- _Activity_: Print the whole listing exactly as it appears, but skip the pictures.

- _Source material_:

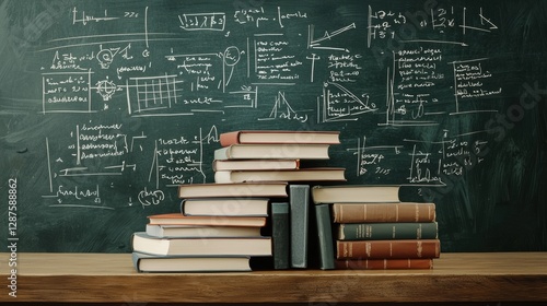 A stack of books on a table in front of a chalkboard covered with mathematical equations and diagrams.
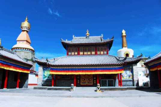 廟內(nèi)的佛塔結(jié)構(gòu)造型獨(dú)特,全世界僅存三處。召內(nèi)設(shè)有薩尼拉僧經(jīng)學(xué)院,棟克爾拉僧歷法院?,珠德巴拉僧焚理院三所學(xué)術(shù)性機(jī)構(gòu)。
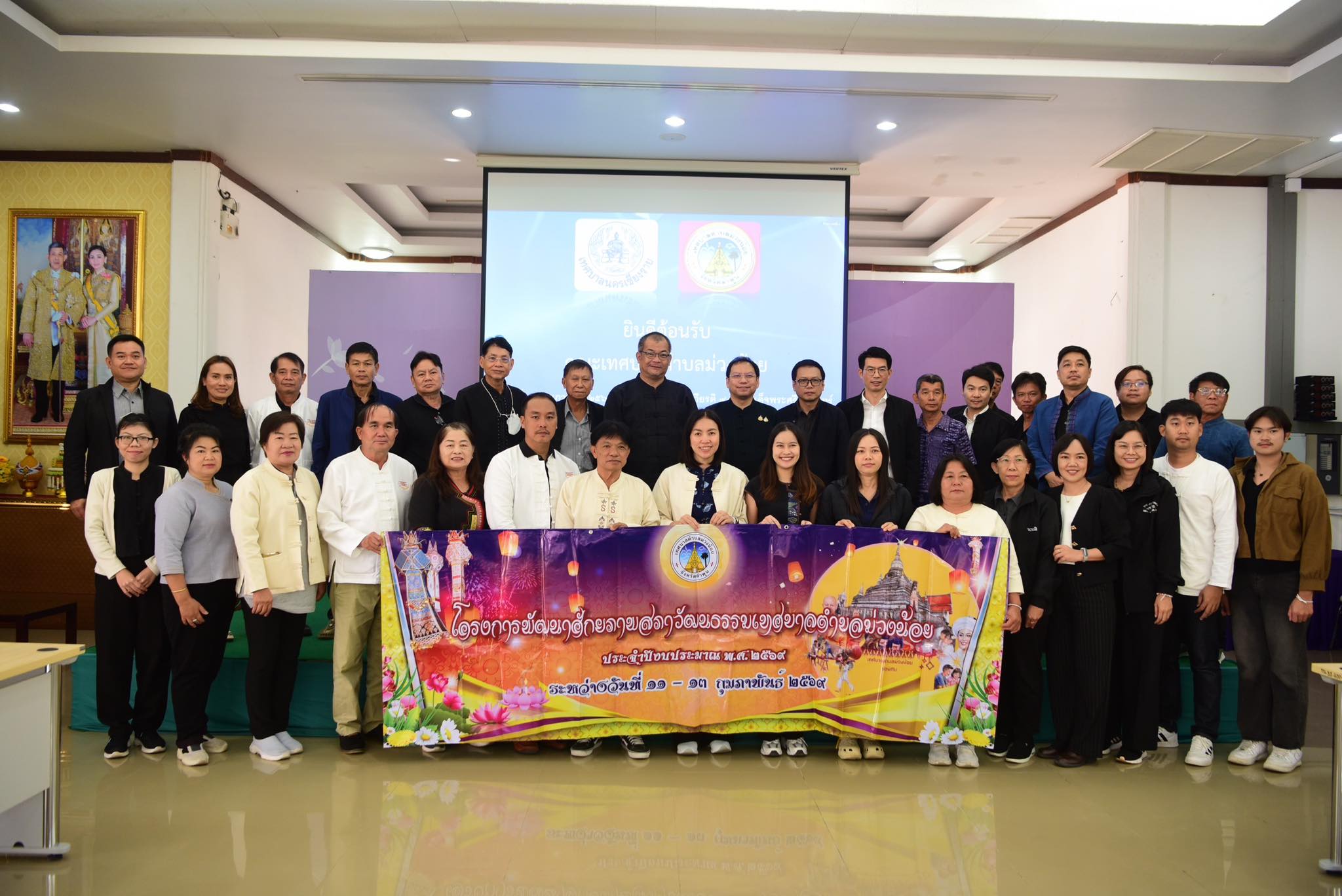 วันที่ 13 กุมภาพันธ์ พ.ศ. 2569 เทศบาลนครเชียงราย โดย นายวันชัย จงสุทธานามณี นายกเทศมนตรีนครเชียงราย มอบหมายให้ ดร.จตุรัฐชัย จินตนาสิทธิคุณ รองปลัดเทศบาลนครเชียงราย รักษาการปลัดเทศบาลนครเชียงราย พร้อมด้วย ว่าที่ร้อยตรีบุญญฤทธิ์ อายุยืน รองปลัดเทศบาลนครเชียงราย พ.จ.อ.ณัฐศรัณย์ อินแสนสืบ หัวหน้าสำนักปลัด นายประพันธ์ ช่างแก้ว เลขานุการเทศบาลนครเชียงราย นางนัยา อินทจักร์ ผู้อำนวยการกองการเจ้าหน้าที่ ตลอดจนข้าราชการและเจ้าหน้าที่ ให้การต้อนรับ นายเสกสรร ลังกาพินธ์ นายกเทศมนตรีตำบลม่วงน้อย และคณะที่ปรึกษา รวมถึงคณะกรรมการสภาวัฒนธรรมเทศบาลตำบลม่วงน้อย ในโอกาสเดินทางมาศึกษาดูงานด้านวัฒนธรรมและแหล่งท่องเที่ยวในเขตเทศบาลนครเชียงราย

- _Answer below_:
 A stack of books on a table in front of a chalkboard covered with mathematical equations and diagrams.
 廟內(nèi)的佛塔結(jié)構(gòu)造型獨(dú)特,全世界僅存三處。召內(nèi)設(shè)有薩尼拉僧經(jīng)學(xué)院,棟克爾拉僧歷法院?,珠德巴拉僧焚理院三所學(xué)術(shù)性機(jī)構(gòu)。
 วันที่ 13 กุมภาพันธ์ พ.ศ. 2569 เทศบาลนครเชียงราย โดย นายวันชัย จงสุทธานามณี นายกเทศมนตรีนครเชียงราย มอบหมายให้ ดร.จตุรัฐชัย จินตนาสิทธิคุณ รองปลัดเทศบาลนครเชียงราย รักษาการปลัดเทศบาลนครเชียงราย พร้อมด้วย ว่าที่ร้อยตรีบุญญฤทธิ์ อายุยืน รองปลัดเทศบาลนครเชียงราย พ.จ.อ.ณัฐศรัณย์ อินแสนสืบ หัวหน้าสำนักปลัด นายประพันธ์ ช่างแก้ว เลขานุการเทศบาลนครเชียงราย นางนัยา อินทจักร์ ผู้อำนวยการกองการเจ้าหน้าที่ ตลอดจนข้าราชการและเจ้าหน้าที่ ให้การต้อนรับ นายเสกสรร ลังกาพินธ์ นายกเทศมนตรีตำบลม่วงน้อย และคณะที่ปรึกษา รวมถึงคณะกรรมการสภาวัฒนธรรมเทศบาลตำบลม่วงน้อย ในโอกาสเดินทางมาศึกษาดูงานด้านวัฒนธรรมและแหล่งท่องเที่ยวในเขตเทศบาลนครเชียงราย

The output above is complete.